Personal Data is processed at DocBuddy’s operating offices, in data centers located in the United States, and in any other places where the parties involved in the processing are located. The United States has different (and often lesser) privacy protections than other jurisdictions. By providing data, using this website, using mobile applications provided by DocBuddy, or requesting services, you consent to the transfer of your data to the United States and the processing of such data in the United States.

Personal Data shall be processed and stored for as long as required by the purpose they have been collected for.Therefore:

• Personal Data collected for purposes related to the performance of services shall be retained until the longer of (a) such services are completed, (b) as specified in a relevant agreement (such as an agreement with a hospital system, managed care organization, or employer), and (c) as required to maintain records of such services.
• Personal Data collected for the purposes of DocBuddy’s legitimate interests shall be retained as long as needed to fulfill such purposes, including but not limited to retention of records of completed services as required by law, regulation and healthcare practice, and for the other reasons described in this Privacy Policy.
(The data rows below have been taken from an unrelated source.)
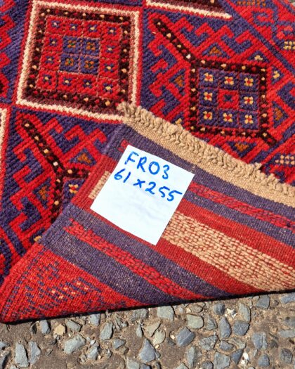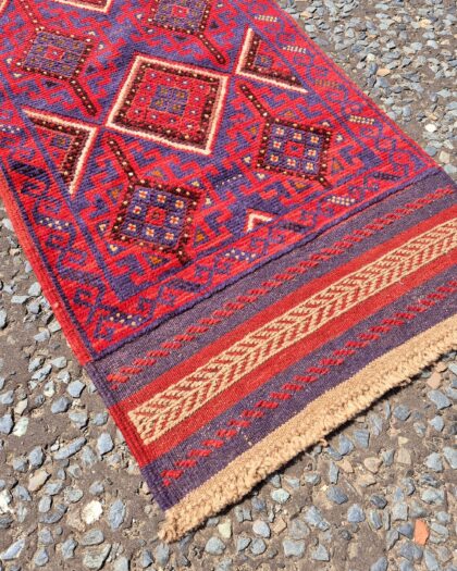 This is a handwoven Afghan Mishwani runner featuring a geometric design. The primary colours are red and blue with brown and beige accents. The runner is made of wool and has a fringe on both ends. This rug would add character to any room in the house and would be especially suitable for an entrance hall or hallway. It is in very good condition.
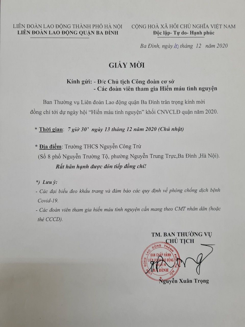 | Cơ quan ban hành | Liên đoàn Lao động quận Ba Đình | Ngày có hiệu lực | 10/12/2020 |
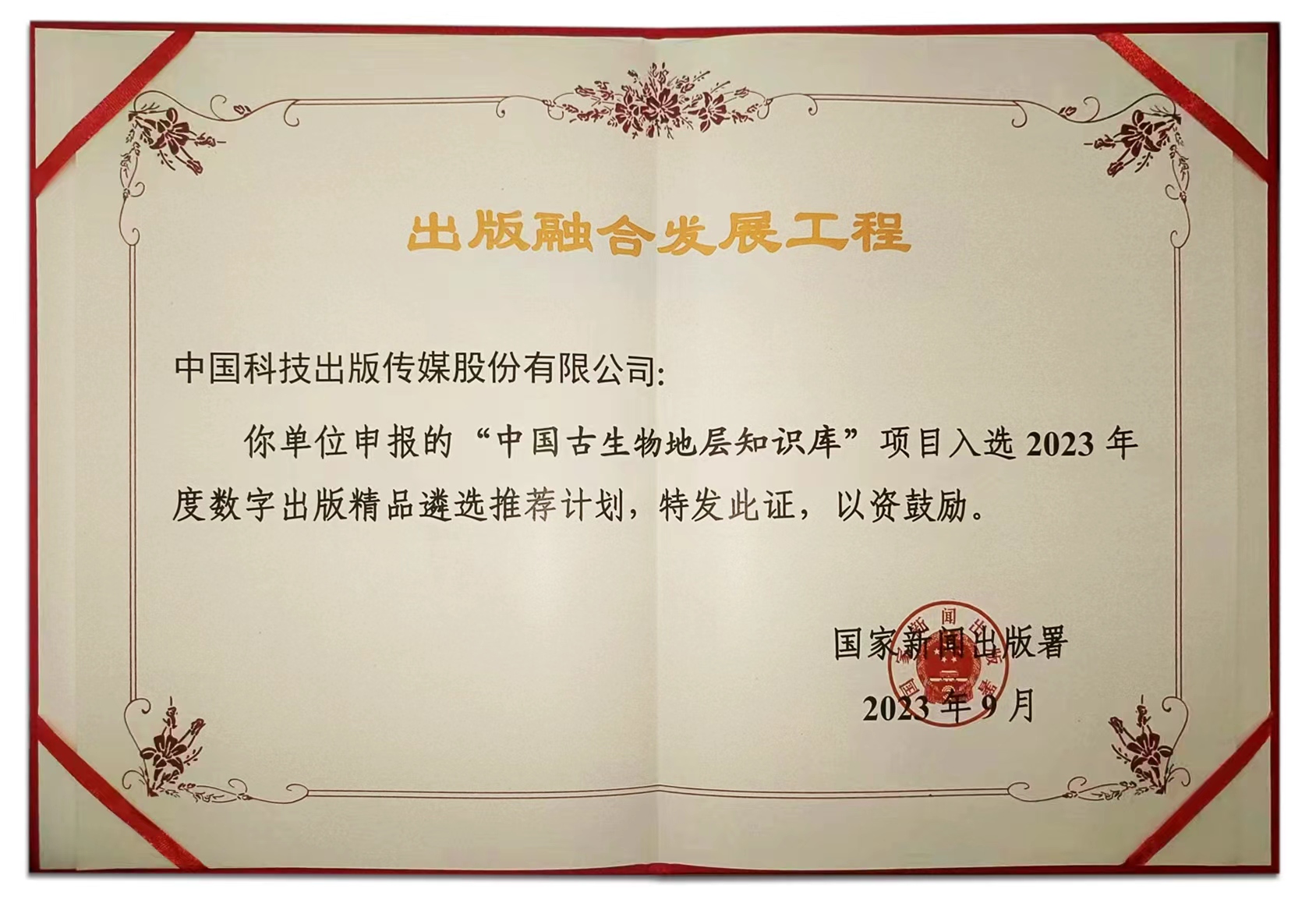 2023年9月18日,国家新闻出版署发布《国家新闻出版署关于公布2023年度出版融合发展工程入选名单的通知》,“中国古生物地层知识库”入选2023年度数字出版精品遴选推荐计划。
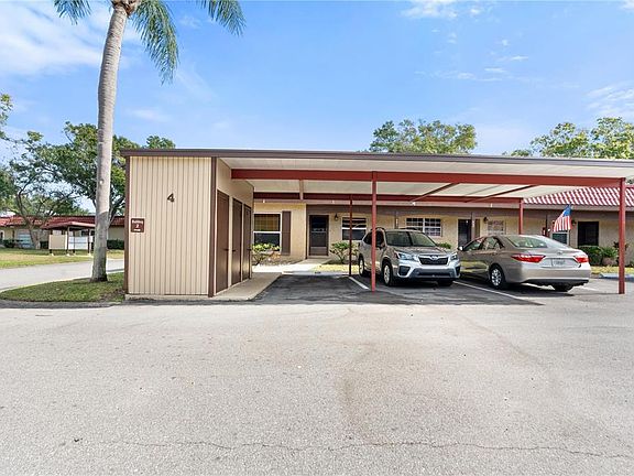 End unit in the beautifully maintained 55+ community of Pinewood Village! This is a spacious 2 bedroom 2 bath first floor condo that is conveniently located across from the heated pool. There are many features including walk in closets in bedrooms, an enclosed back patio, in unit laundry, assigned covered parking and outside storage closet. This desirable community offers low-maintenance living in a prime location close to golfing, beaches, Tampa International Airport, restaurants, shopping, and much more! The monthly fee includes cable, internet, water, sewer and trash. Great opportunity for year-round or seasonal, not in a flood zone!
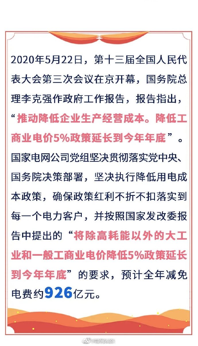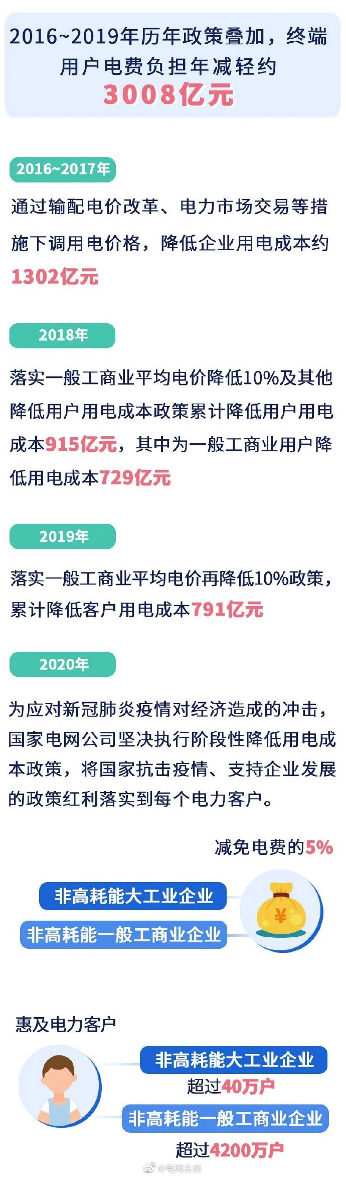 2016~2019年歷年政策疊加,國(guó)家電網(wǎng)經(jīng)營(yíng)區(qū)終端用戶(hù)電費(fèi)負(fù)擔(dān)年減輕約3008億元。2020年,為應(yīng)對(duì)新冠肺炎疫情對(duì)經(jīng)濟(jì)造成的沖擊,國(guó)家電網(wǎng)公司堅(jiān)決執(zhí)行階段性降低用電成本政策,預(yù)計(jì)全年減免電費(fèi)約926億元。 ????
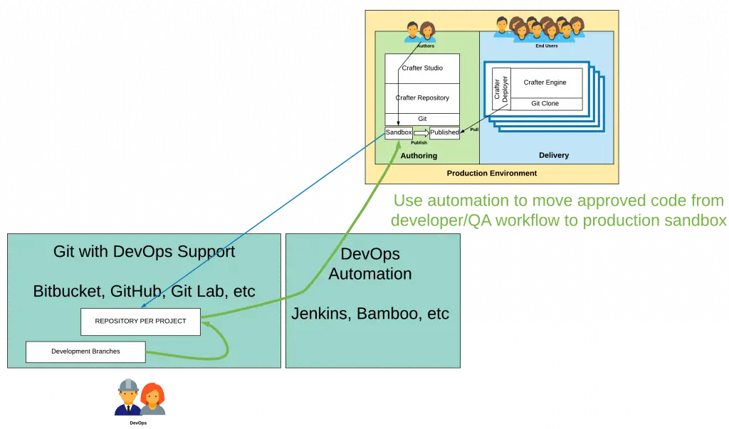 Figure 14: Full DevOps “Code Forward, Content Back” workflow for CI/CD with CrafterCMS leveraging Git mechanics and DevOps automation.

Users may find specific information regarding the legitimate interests pursued by DocBuddy within the relevant sections of this document or by contacting DocBuddy.DocBuddy may be allowed to retain Personal Data for a longer period whenever the user has given consent to such processing, as long as such consent is not withdrawn. Furthermore, DocBuddy may be obliged to retain Personal Data for a longer period whenever required to do so for the performance of a legal obligation (including but not limited to retention of records of healthcare services performed or recommended) or upon order of an authority.The right to access, the right to erasure, the right to rectification and the right to data portability cannot be enforced after information has been deleted.

Data about you is collected to allow us to provide services to you, as well as for the following purposes: analytics, managing contacts and sending messages, user database management, heat mapping and session recording, displaying content from other platforms, content performance and features testing (A/B testing), generation models of medical and clinical conditions, generation models of physician and clinical performance, infrastructure monitoring and contacting the user.

More details concerning the collection or processing of Personal Data may be requested from the Privacy Officer at any time. Please see the contact information at the beginning of this document.

The Data Protection Officer is the Privacy Officer.

This privacy statement has been prepared based on provisions of multiple legislations, including the U.S. Health Insurance Portability and Accountability Act of 1996 (“HIPAA”), the U.S. Health Information Technology for Economic and Clinical Health Act (“HITECH”), and Art. 13/14 of Regulation (EU) 2016/679 (General Data Protection Regulation or “GDPR”).